Es la primera vez que se anuncia una guerra y que personas en muchos países respondemos y decimos NO señores, No queremos guerra; hay una conciencia social, una conciencia de ciudadanos del planeta, es la primera vez que la gente toma conciencia de su poder como sociedad civil mundial y salimos a las calles y nos manifestamos y estamos construyendo este poder social, este poder civil.

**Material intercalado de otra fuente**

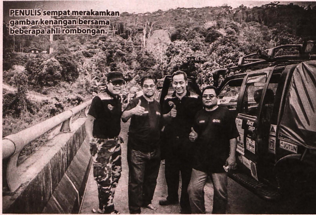
PENULIS sempat merakamkan gambar kenangan bersama beberapa ahli rombongan.

Pada hari keempat sampailah saat kami berpisah setelah beramah mesra dengan alam dan juga penduduk Magandai. Rasa sayu menyelubungi hati ahli rombongan yang lain kerana lambaian tangan anak-anak sekolah di sepanjang jalan keluar ke kampung menggamit kami datang semula dan juga menyampaikan pesan kesusahan mereka kepada masyarakat luar dan pihak berkuasa agar mengambil pemeduliaan terhadap nasib mereka yang 'terlupakan'.

Los aliados en la guerra tuvieron una oposición muy grande, fue una solidaridad globalizada, saber que podemos hacer acciones en todo el mundo por una misma causa, eso de alguna manera va a fortalecer las movilizaciones sociales. Hoy en día hay mucha rabia, mucha frustración por no haber podido parar la guerra, que los costos humanos, políticos van a ser altos, y esto es lo que nos toca hacerle ver a los gobernantes del mundo, a los políticos; que no puede haber tanta barbarie sin costos, que no puede haber decisiones de ese tipo sin costos.

Si, es evidente que en todos nos queda un sentimiento de frustración, pues tantos millones de voces no pudimos parar la guerra, pero tampoco podíamos quedarnos cruzados de brazos frente a la masacre.

* Además de Nuria Marrugat el grupo estuvo integrado por: Mario Saucedo de la Secretaría de Relaciones Internacionales del PRD; Adrián Belman y Luis Cevallos integrantes de la dirección del SME; Efraín Naranjo de la Red todos los Derechos para Todos, y Daphne Cuevas de Consorcio por el Diálogo Parlamentario y la Equidad, acompañados por Blanche Petrich y José Núñez del diario La Jornada.